**What is needed**
Would you output the listing exactly, with every image omitted?

Start of Source data

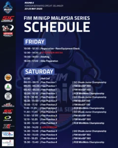 BERANANG, 22 Mei 2025 – Pusingan kedua Kejohanan FIM MiniGP Malaysia Series bakal berlangsung di Litar Horizon Beranang pada 24 hingga 25 Mei 2025 ini bakal menghangatkan suasana litar dengan aksi-aksi pelumba cilik dan bakat muda dengan penampilan aksi yang lebih bagi setiap kategori yang dipertandingkan.
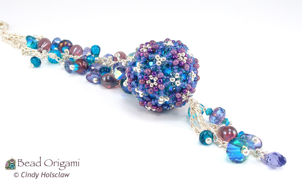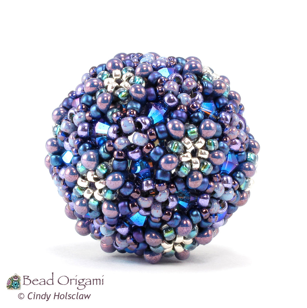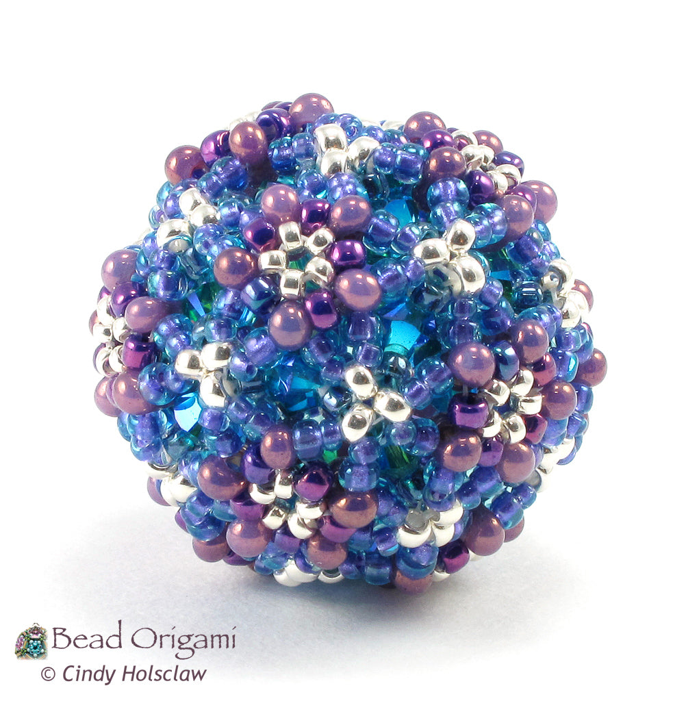 The Crystal Ball beaded bead is hollow and completely self-supporting ball of seed beads interspersed with sparkly crystals. Woven using the geometry of the dodecahedron, this design uses a variation of the right angle weave technique combined with the circular peyote stitch (check out my free Candy Dodecahedron pattern for an introduction to dodecahedron beaded beads). Use one beaded bead as a dazzling solo pendant or as a focal bead in a larger necklace. This design can also be made into a miniature beaded ornament.
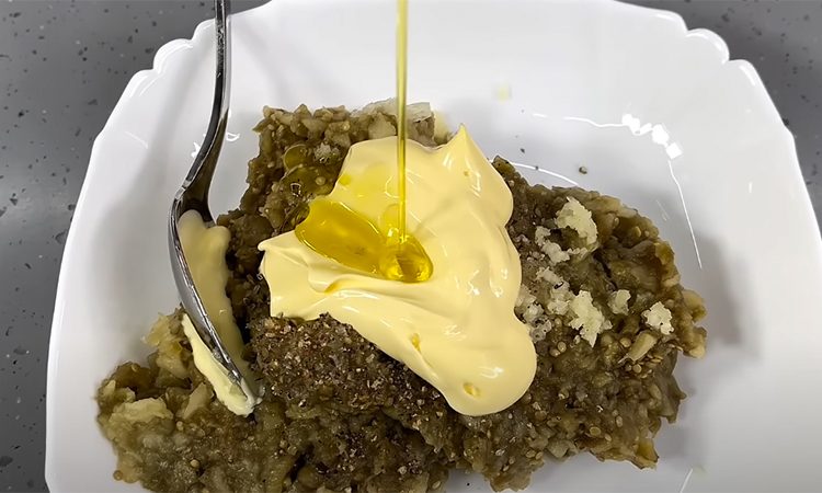 Порубите мякоть баклажанов и перемешайте ее с прессованным чесноком, молотым перцем, небольшим количеством майонеза и растительным маслом по вкусу.

End of Source data

**Completed task**
 BERANANG, 22 Mei 2025 – Pusingan kedua Kejohanan FIM MiniGP Malaysia Series bakal berlangsung di Litar Horizon Beranang pada 24 hingga 25 Mei 2025 ini bakal menghangatkan suasana litar dengan aksi-aksi pelumba cilik dan bakat muda dengan penampilan aksi yang lebih bagi setiap kategori yang dipertandingkan.
 The Crystal Ball beaded bead is hollow and completely self-supporting ball of seed beads interspersed with sparkly crystals. Woven using the geometry of the dodecahedron, this design uses a variation of the right angle weave technique combined with the circular peyote stitch (check out my free Candy Dodecahedron pattern for an introduction to dodecahedron beaded beads). Use one beaded bead as a dazzling solo pendant or as a focal bead in a larger necklace. This design can also be made into a miniature beaded ornament.
 Порубите мякоть баклажанов и перемешайте ее с прессованным чесноком, молотым перцем, небольшим количеством майонеза и растительным маслом по вкусу.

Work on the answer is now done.